By “get data read to be put into Druid” I mean:
- Build the data segments (recall that Druid manages data in rather large segments).
- Note metadata about the segments.
That metadata is what goes into the MySQL database, which also retains data about shards that have been invalidated. (That part is needed because of the MVCC.)
By “build the data segments” I mean:
- Make the sharding decisions.
- Arrange data columnarly within shard.
- Build a compressed bitmap for each shard.
When things are being done that way, Druid may be regarded as comprising three kinds of servers:
- Actual data storage.
- Query brokers, which also have local cache.
- Coordination/management, including administrative interfaces and so on.
This is in addition to the aforementioned Zookeeper and MySQL.
It occurs to me that I don’t know whether that local cache is the only RAM tier, which is a pretty major point.

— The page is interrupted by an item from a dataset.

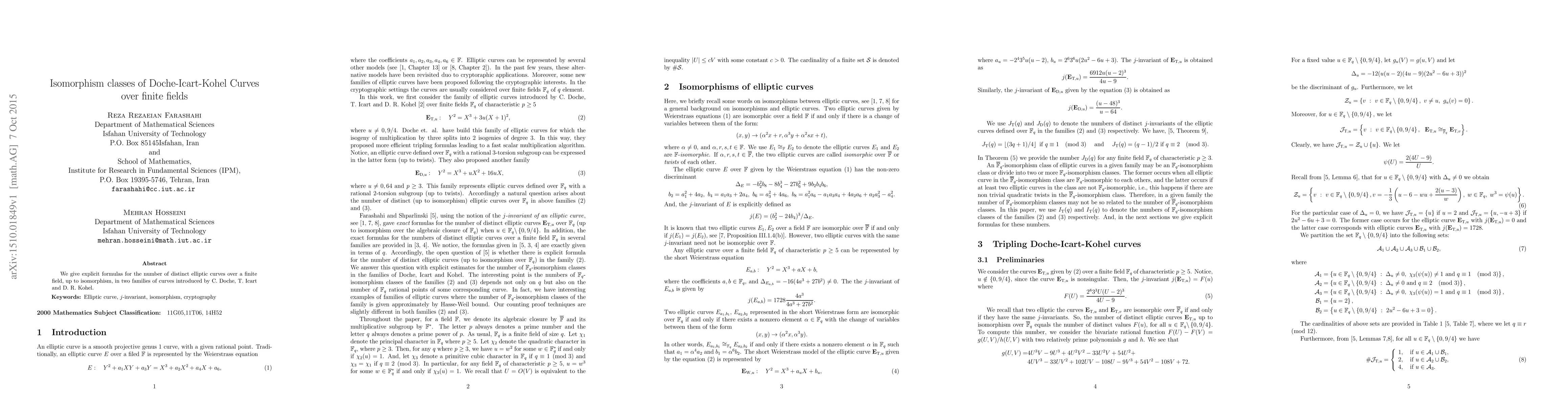 This paper provides explicit formulas for determining the number of distinct elliptic curves, up to isomorphism, over finite fields within two families of curves introduced by Doche, Icart, and Kohel. The results offer valuable insights into the structure and classification of these curves.
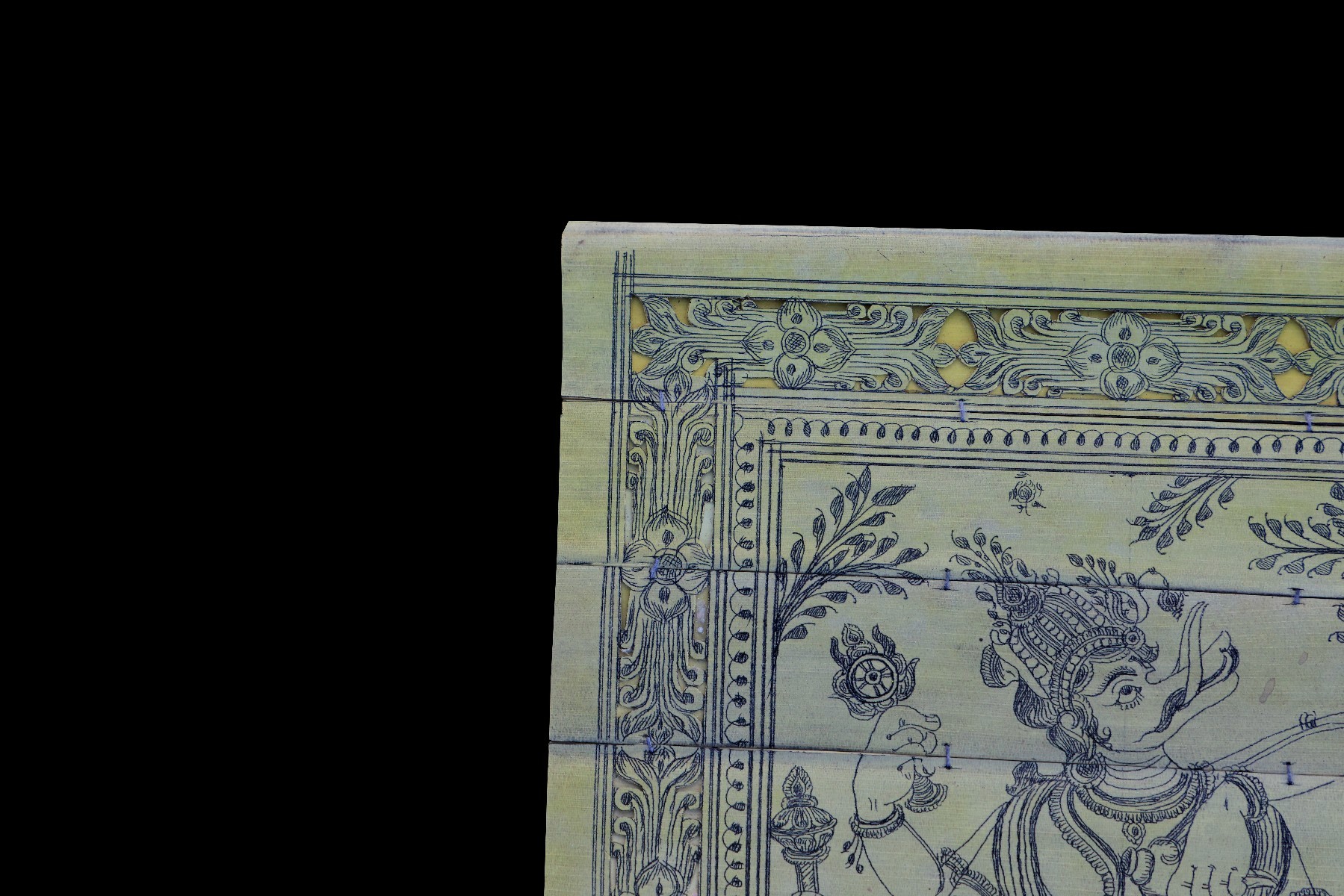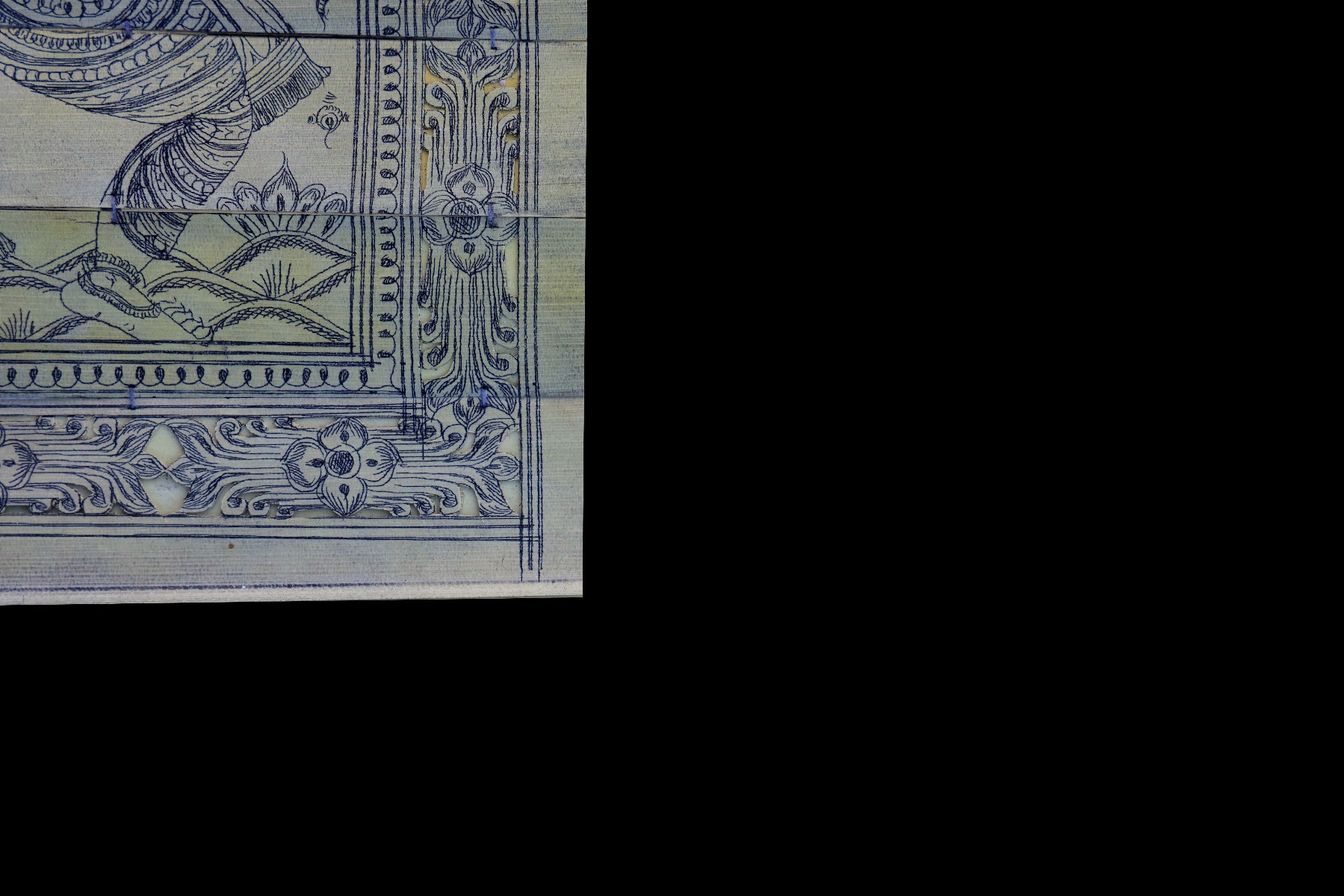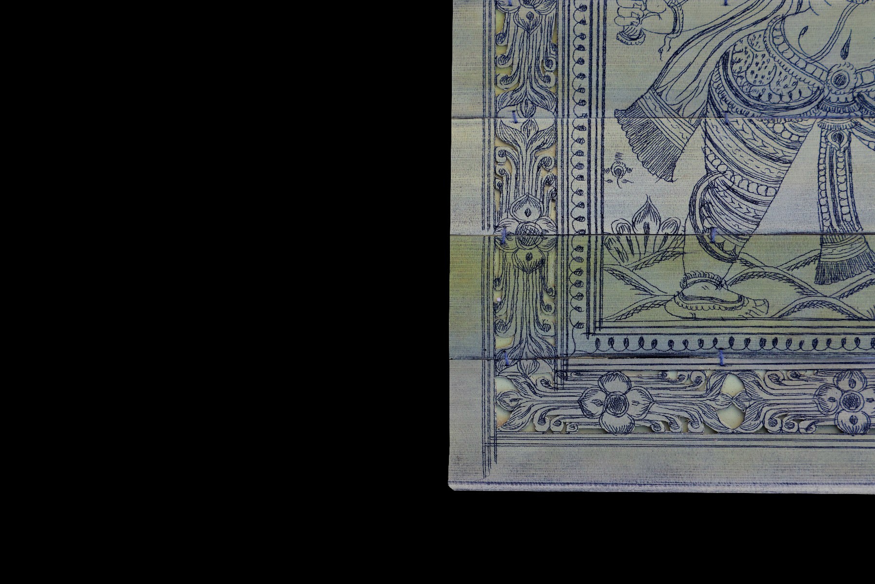 Palm-leaf works are among the rarest surviving formats of narrative art In Baraha Avatar, Vishnu rises not in spectacle but in resolve—mid-stride, grounded, unwavering. Etched into palm leaf with unwavering precision, the form carries a rare stillness: strength held in balance, power expressed through restraint. The lines feel almost whispered, yet they endure—much like the story they hold.

Oh well …
The alternative is that data just streams into Druid. In that case:
- The various Hadoop pre-processing steps in the batch ingest process don’t happen.
- Instead, it’s assumed and required that data already be in structured properly — in terms of summarization and denormalization — for Druid.
- An additional tier of Druid data storage servers is involved; in particular, that tier is what receives the streaming data.
- Metamarkets calls the data storage servers that receive data “Real-Time”, while the others are “Historical”.
- The Real-Time servers persist data, on an append-only basis, into proper Druid segments. After a while, these are flushed to the Historical servers.
- The Druid query broker sends queries to the Real-Time or Historical servers as appropriate.